2 SA1110 LCD controller
The SA1110's chip integrates an LCD controller with three display types:
• Passive color mode: supports 3375 colors, allowing 256 colors to be displayed per frame;
• Active color mode: supports up to 65,536 colors (16 bits);
• Passive black and white mode: Supports 15 levels of gray.
The LCD controller supports display screens up to 1024 x 1024 pixels. However, in the frame memory, the size of the display screen that the LCD can drive is limited due to the bus width of the memory and the size of the pixel encoded data. The LCD controller also supports single and dual display. The pixel-encoded data is stored in an external memory, and the LCD's dual-channel DMA controller can load the data into a 5-cell (32-bit long) queue buffer, as appropriate. One channel of the DMA controller is for single screen display and the other is for dual screen display.
In the frame memory, pixel encoded data is stored. The LCD controller uses it as a pointer to index a 256-unit 12-bit wide palette. The black and white palette is 4 bits wide and the color palette is 12 bits wide. The pixel encoded data (4 bits) from the frame memory addresses the top 16 cells of the black and white palette; the 8-bit pixel encoded data can access any of the 256 cells in the palette. In passive color 12-bit pixel mode, color pixel data bypasses the color palette and is sent directly to the dithering logic of the LCD. In active color 16-bit pixel mode, the color pixel data not only bypasses the color palette, but also bypasses the LCD's jitter logic and sends it directly to the LCD's data pins. Once a palette unit is selected for 4-bit or 8-bit pixel encoded data, the encoded value in this unit is transferred to the dithering logic. The dithering logic uses a space-based and time-base algorithm to generate pixel data that is output to the screen. The dithering logic causes each pixel to turn off at each frame at a different rate, producing 15 levels of grayscale for the black and white screen, and 15 levels of color for each of the red, green, and blue primary colors of the color screen. Degrees, for a total of 3,375 colors (256 colors per frame). The output data from the dithering logic is placed in a 9-cell pin data queue buffer before being output to the LCD pin and the pixel clock to drive the display. 

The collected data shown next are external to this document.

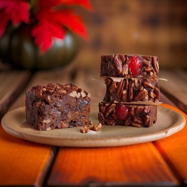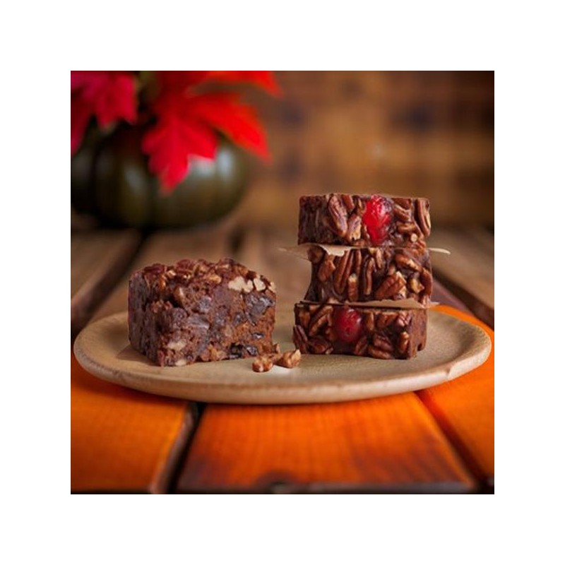 • Ingredients: aisins, glace red cherries (cherries, corn syrup, high fructose corn syrup, water, citric acid, natural and artificial flavor, potassium sorbate, and sodium benzoate [preservatives], red 40, sulphur dioxide [preservative]), glace pineapple (pineapple, corn syrup, high fructose corn syrup, water, citric acid, natural and artificial flavor, potassium sorbate and sodium benzoate [preservatives], oleoresin turmeric [color], sulphur dioxide [preservative]), flour (bleached wheat flour, malted barley flour, niacin, reduced iron, thiamine mononitrate, riboflavin, folic acid), eggs, palm shortening (palm oil, mono and diglycerides, polysorbate 60), pecans, sugar, orange peel (orange peel, glucose-fructose syrup, sugar, citric acid), water, brown sugar, canola oil, artificial flavor, glace (water, sugar, corn syrup, pectin, citric acid, potassium sorbate [preservative], artificial flavor, carrageenan, sodium phosphate, sodium metabisulfate [preservative], paprika, [color], salt, sodium propionate [preservative], preservative enzyme (maltodextrin, mineral oil, enzyme, potato starch).
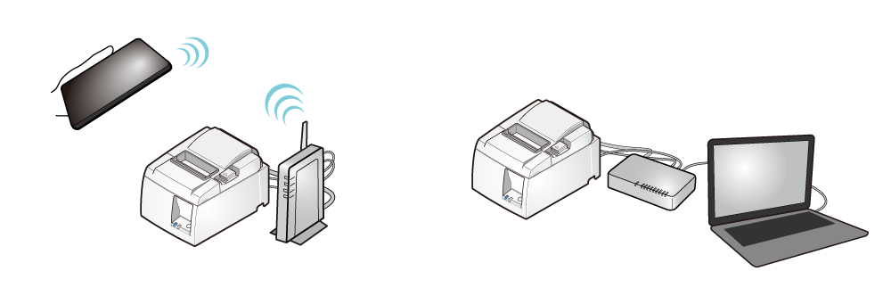 使用 iOS 裝置 ( iPad / iPhone ) 設定時,請將 TSP100IIILAN 印表機和 iOS 裝置連接到相同網路(相同網路區段)。
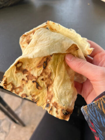 Dabei wird Teig großflächig ausgerollt und nur für wenige Sekunden an eine heiße Ofenwand gepresst. Somit bleibt das Fladenbrot außen knusprig und innen weich.
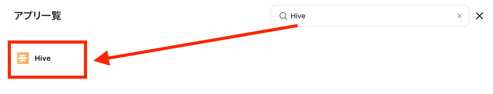 Hiveの連携 検索欄にHiveと記入して、表示されたアイコンをクリックします。
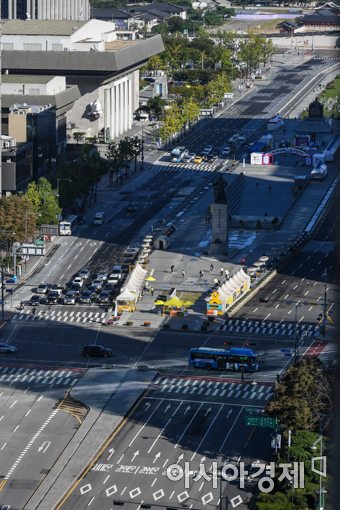 추석연휴 임시 공휴일인 2일 오전 서울 종로구 광화문 네거리 일대가 한산한 모습을 보이고 있다.

The LCD controller can be programmed as a 4-bit, 8-bit or 16-bit pixel data pin, depending on the type of display used. A single-screen black-and-white display can use either 4-bit or 8-bit data pins to output 4-bit or 8-bit pixels per pixel clock cycle. A single-screen color display can use an 8-bit data pin to output 2 to 2/3 bits of pixels (8 pins / 3 colors per pixel) per pixel clock cycle. The LCD controller also supports dual display. The dual display causes the LCD controller data lines to be divided into two groups, one driving the upper half screen and the other driving the lower half screen.
In this scenario, a passive color mode is selected. In this mode, the control process of the SA1110 LCD controller is shown in Figure 2.
CPLD PZ3128 is a dedicated integrated chip from Philips. Due to the wide variety of liquid crystal displays of handheld devices, the inconsistencies of the standards of various manufacturers make the LCD controller of SA1110 and SHARP's 3.9-inch TFT active color liquid crystal display unable to match in data format and display timing. Therefore, the CPLD PZ3128 can be programmed to map data interfaces of different data formats and configure dedicated ASIC chips for different types of LCD screens.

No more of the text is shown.